N : The Number of replicas W : The size of the write quorum. For a write operation to be considered as successful, write operation must be acknowledged from W replicas. R : The size of the read quorum. For a read operation to be considered as successful, read operation must wait for responses from at least R replicas

  • Note that the size of the quorum is separate from the amount of nodes we have replicated the data to.
  • The configuration of and is a tradeoff between latency and consistency. We can toggle the values around to get the following results

If R = 1 and W = N, the system is optimized for a fast read.

If W = 1 and R = N, the system is optimized for fast write.

If W + R > N, strong consistency is guaranteed (Usually N = 3, W = R = 2).

If W + R <= N, strong consistency is not guaranteed.

Consistency

There are a few different consistency models

  1. Strong consistency : Client never sees out-of-data data
  2. Eventual consistency : Given enough time, all updates are propagated and all replicas are consistent. ( A form of weak consistency )
  3. Weak Consistency : Client might see out of data data

We can force strong consistency by making a replica reject new reads/writes until every other replica has agreed on a current write.
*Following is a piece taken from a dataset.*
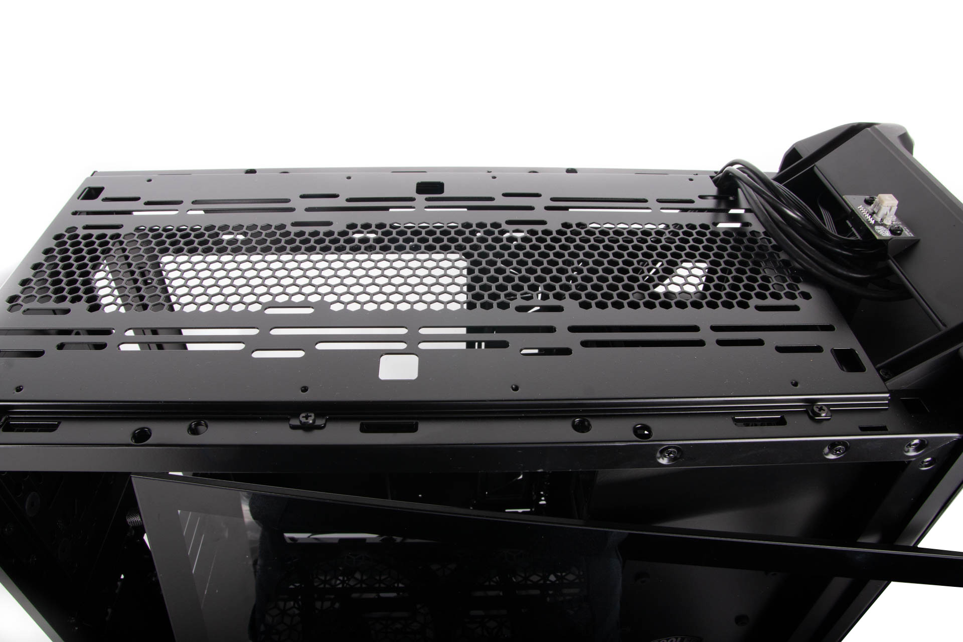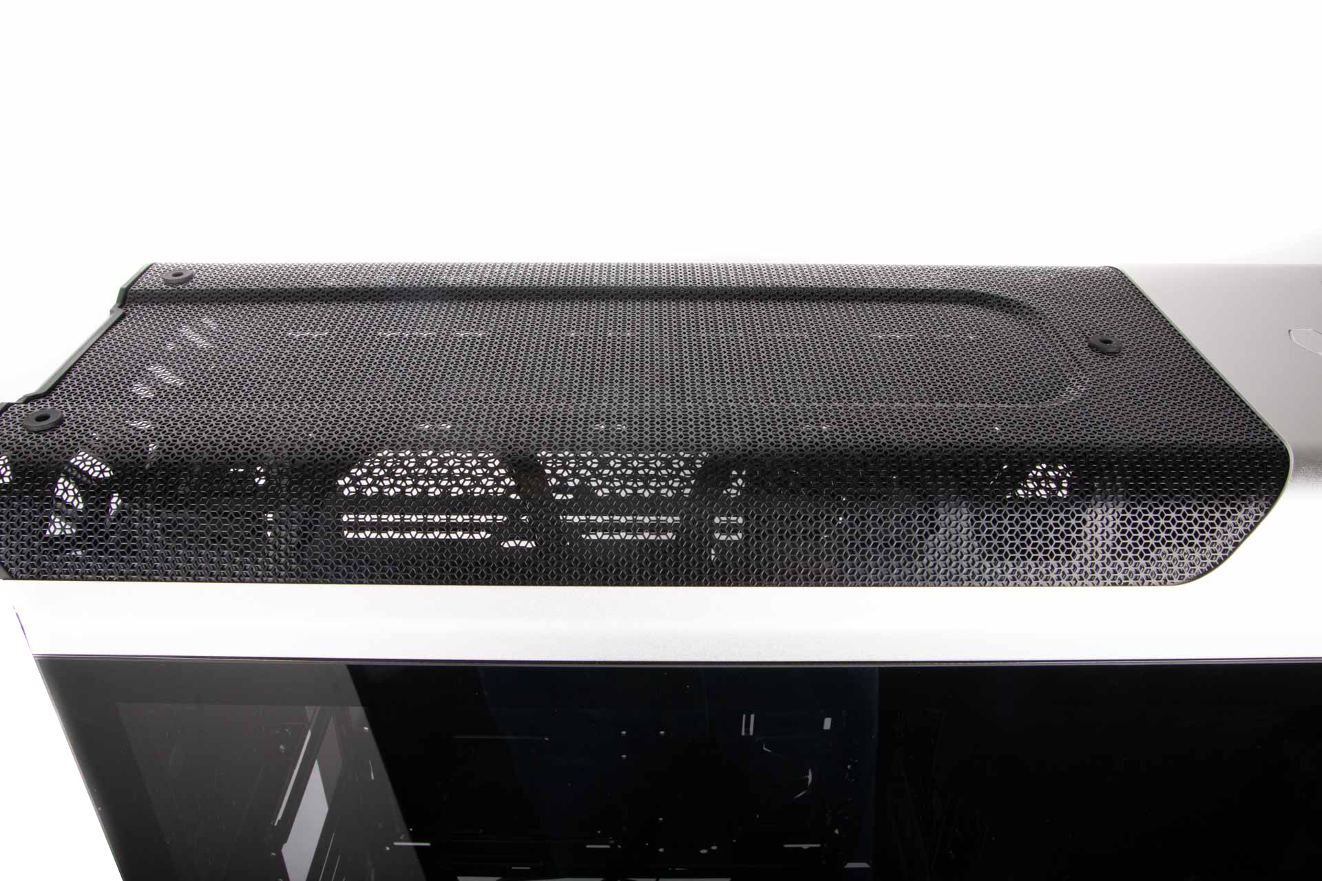 The roof has a large aluminium panel in place as standard, but should you wish to add fans or a radiator here and need more airflow, you can remove the panel to reveal the rest of a large black mesh that's only partially visible with the panel in place. The downside is that instead of using magnetic mounts, the panel slots into four rubber grommets, which are then visible in the mesh. The entire panel also pops off giving you access to the fan mounts beneath.

This is at-odds with current highly available systems.

Versioning

We can use versioning as a way to solve inconsistency among replicas - this means that each data modification is treated as a new immutable version of data. This is normally implemented using Vector Clocks.

Gossip Protocol

Gossip Protocols in a distributed system work as follows

  • Each node maintains a membership list of existing nodes in the system
  • Each node periodically increments its heartbeat counters
  • Each node periodically sends heartbeats to a set of random nodes to update its hearbeat. This in turn propagates to another set of nodes
  • Once nodes receive heartbeats, membership list is updated to the latest info

In the event that a heartbeat has not increased for more than a predefined period, the member is considered as offline.

Inconsistency Detection

We use a merkle tree to perform inconsistency detection.

A merkle tree is a tree in which every non-leaf node has a hash that is derived from the hash of the labels of its child nodes. This allows for efficient and secure verification of the contents of its contents.

The procedure is simply

  1. Divide key space into buckets and hash each key in the bucket using a hash function.

  1. Next, create a single hash node per bucket using the hashes of the elements within the bucket

  1. Build the tree upwards by calculating a hash of the children’s own hashes

We can identify differences in the data contained within two nodes using merkle trees by comparing the root hashes. If a hash disagrees, we then recursively step through the children until we find the common points.